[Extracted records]
-------------------------

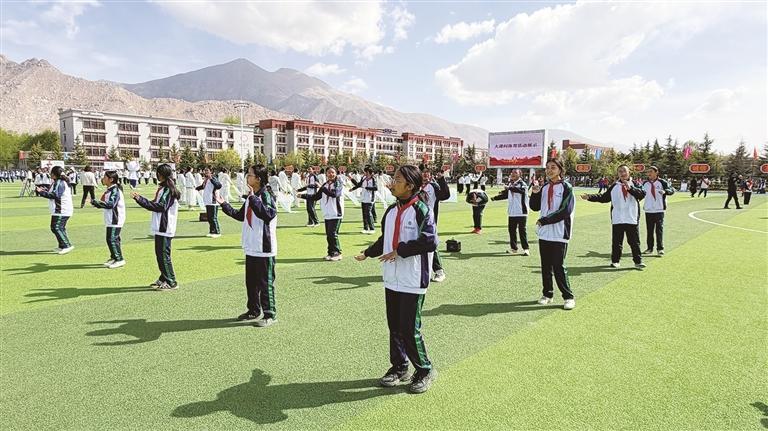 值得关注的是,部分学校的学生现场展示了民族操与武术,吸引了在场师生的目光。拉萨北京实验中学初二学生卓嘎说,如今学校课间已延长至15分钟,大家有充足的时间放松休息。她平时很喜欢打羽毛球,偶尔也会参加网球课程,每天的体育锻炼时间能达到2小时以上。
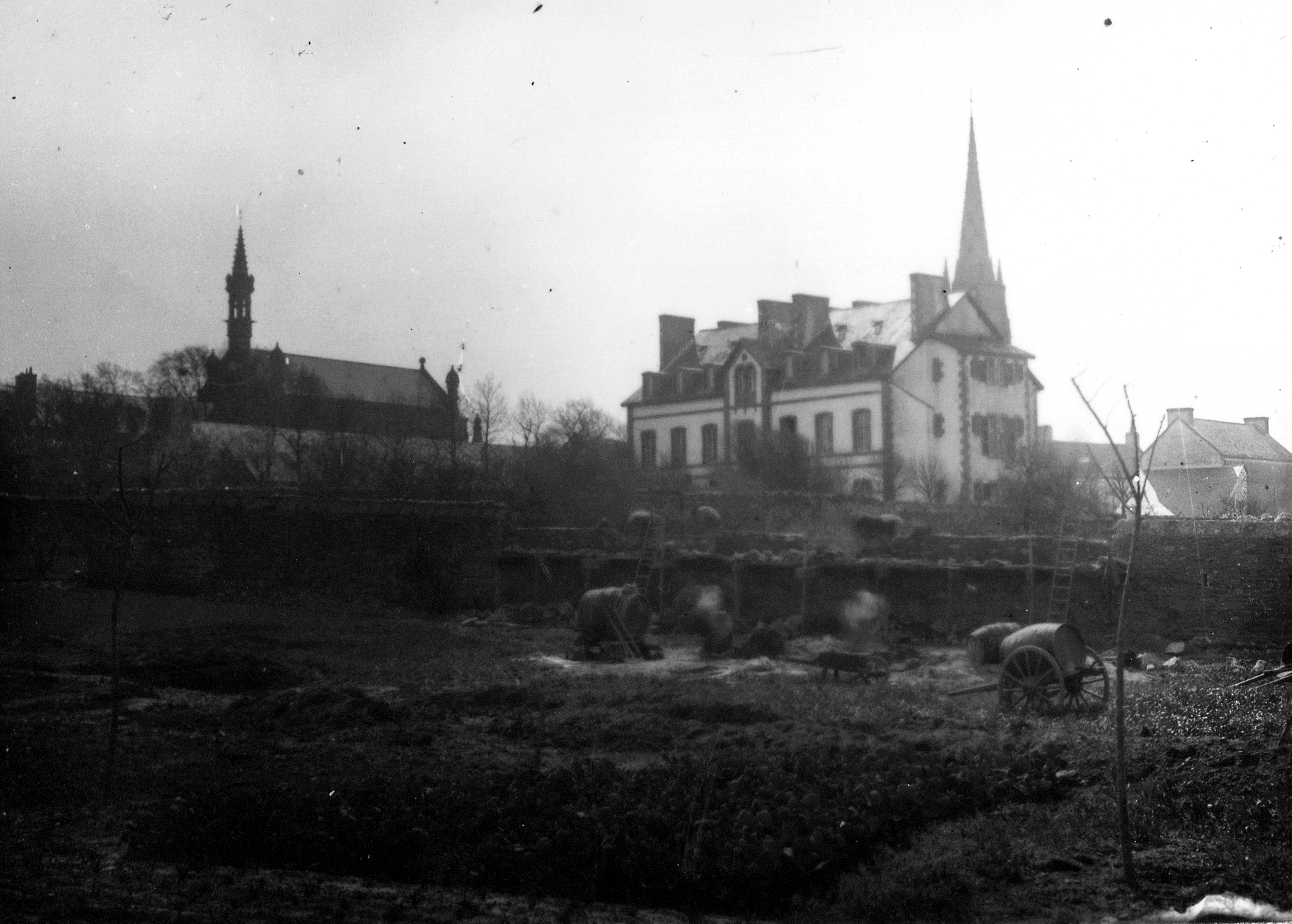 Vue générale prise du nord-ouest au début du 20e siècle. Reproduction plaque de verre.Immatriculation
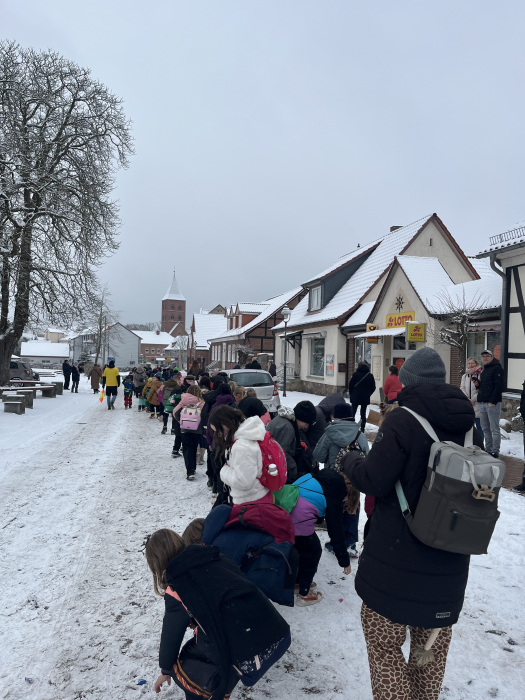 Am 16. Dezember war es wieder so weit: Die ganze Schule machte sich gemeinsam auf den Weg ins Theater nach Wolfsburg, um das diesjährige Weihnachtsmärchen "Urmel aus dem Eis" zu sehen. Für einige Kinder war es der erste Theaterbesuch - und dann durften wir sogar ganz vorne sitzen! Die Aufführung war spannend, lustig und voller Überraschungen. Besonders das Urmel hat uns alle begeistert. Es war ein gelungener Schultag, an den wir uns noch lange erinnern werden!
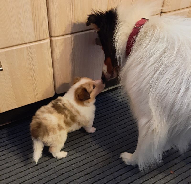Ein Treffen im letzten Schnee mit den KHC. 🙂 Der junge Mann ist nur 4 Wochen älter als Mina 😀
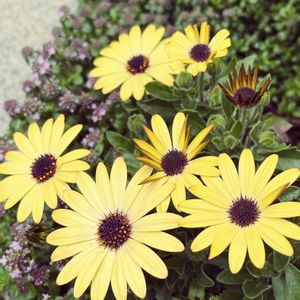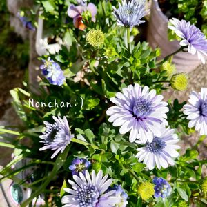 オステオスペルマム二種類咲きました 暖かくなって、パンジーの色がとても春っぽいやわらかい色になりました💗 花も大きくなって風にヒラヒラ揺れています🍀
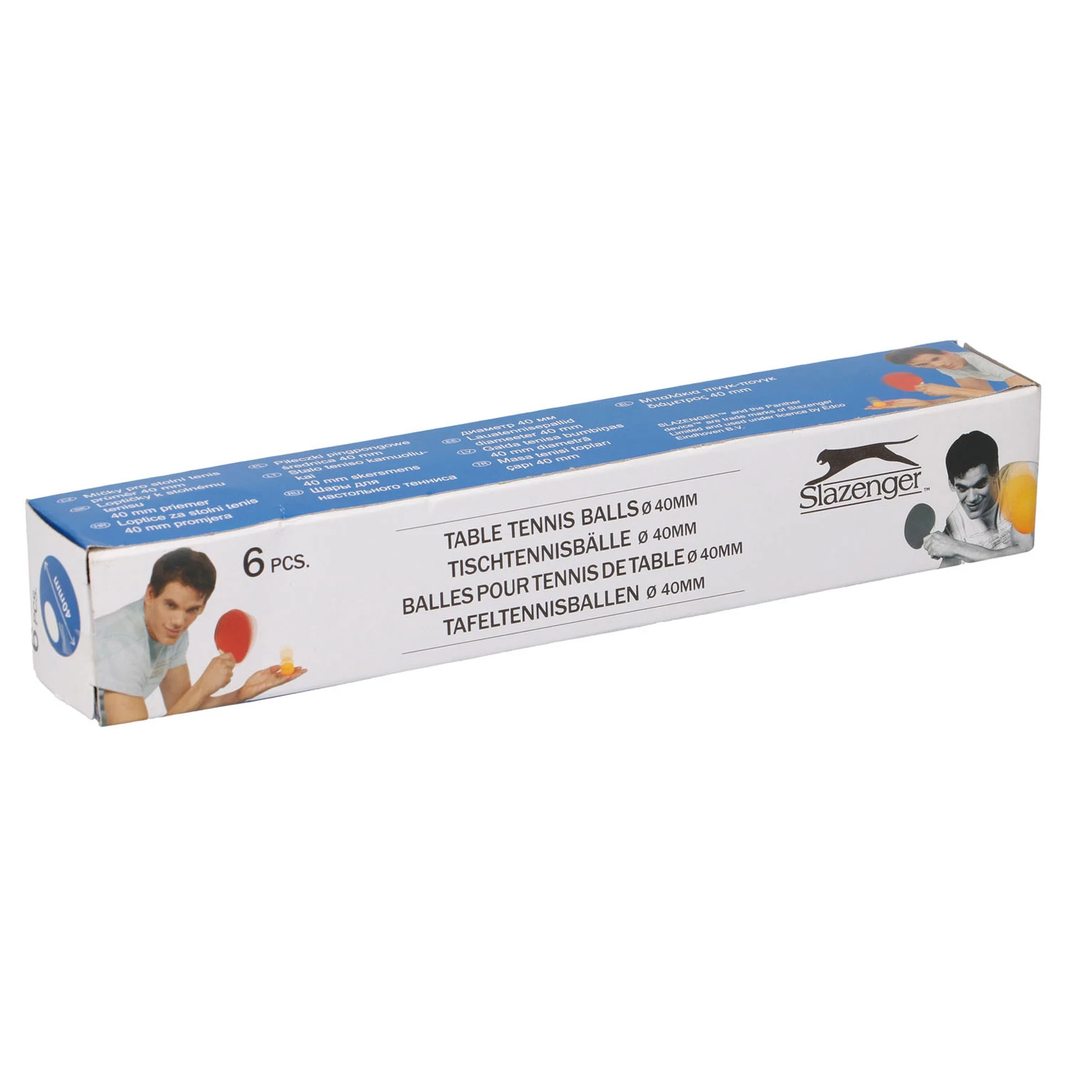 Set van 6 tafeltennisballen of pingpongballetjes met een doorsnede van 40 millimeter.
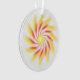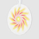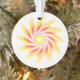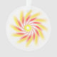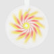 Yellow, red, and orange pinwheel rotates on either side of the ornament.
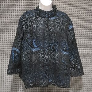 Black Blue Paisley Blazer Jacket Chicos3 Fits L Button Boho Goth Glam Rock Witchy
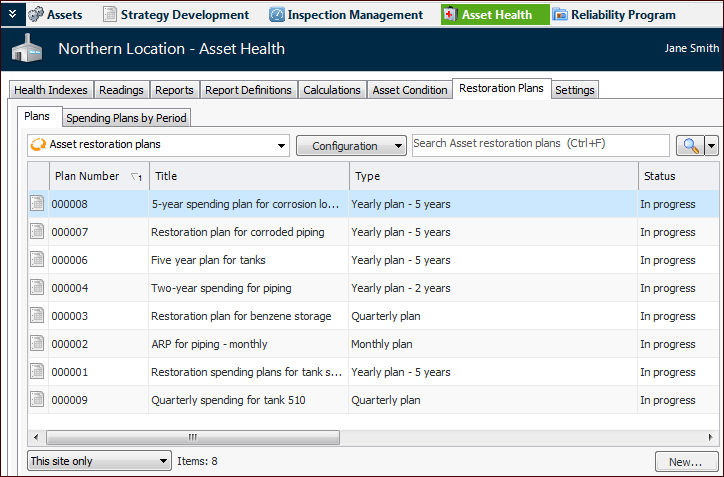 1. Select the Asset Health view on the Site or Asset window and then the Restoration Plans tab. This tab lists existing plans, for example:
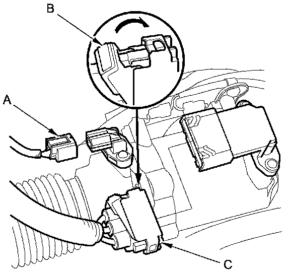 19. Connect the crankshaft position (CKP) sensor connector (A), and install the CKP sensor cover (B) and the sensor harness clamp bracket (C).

-------------------------

Exercise:
What you give back must be exactly the lines from the opening line of the entries through the line holding "Vue générale prise", with no pictures.

Completed exercise:
 值得关注的是,部分学校的学生现场展示了民族操与武术,吸引了在场师生的目光。拉萨北京实验中学初二学生卓嘎说,如今学校课间已延长至15分钟,大家有充足的时间放松休息。她平时很喜欢打羽毛球,偶尔也会参加网球课程,每天的体育锻炼时间能达到2小时以上。
 Vue générale prise du nord-ouest au début du 20e siècle. Reproduction plaque de verre.Immatriculation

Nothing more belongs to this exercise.